Over the course of the next few days, the citizens of Baltimare found themselves victim of a mysterious pranking-spree. No one knew what was going on, but things appeared or disappeared all the time. Practical jokes were happening constantly. No one knew who was behind all of this. No one, except for me.

I had to practice my illusions somehow, didn’t I?

Allow me to properly introduce myself once more.

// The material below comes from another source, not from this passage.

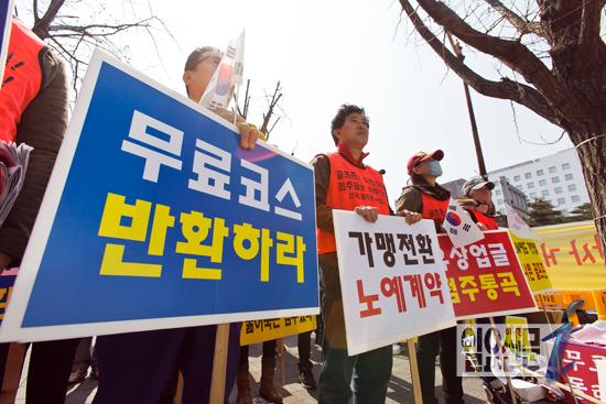 전국 각지에서 모인 조합원들은 "골프존은 부당한 코스사용료 착취와 무차별 시스템 판매에 따른 시장과포화로 업주들의 생존권마저 위협하고 있다"고 주장했다. / 최준필 기자 choijp85@ilyo.co.kr

I’m a cat in Equestria with the power of dreams, also known as illusions. My name… is Jazz. Yes, I’ve finally found a name for myself. And what better name than ‘Jazz the Cat’? Don’t look at me like that, you think I’d have gone for a name like ‘Top-Cat’ or ‘Scatcat’? Too unoriginal.

But why ‘Jazz’ you ask? Well, I have a huge love for music and especially things including a sax. So, I went with Jazz.

Shut up, it makes sense!

It’s better than calling myself something including a fruit while trying to be punny and then regretting it for the rest of my life or whatever…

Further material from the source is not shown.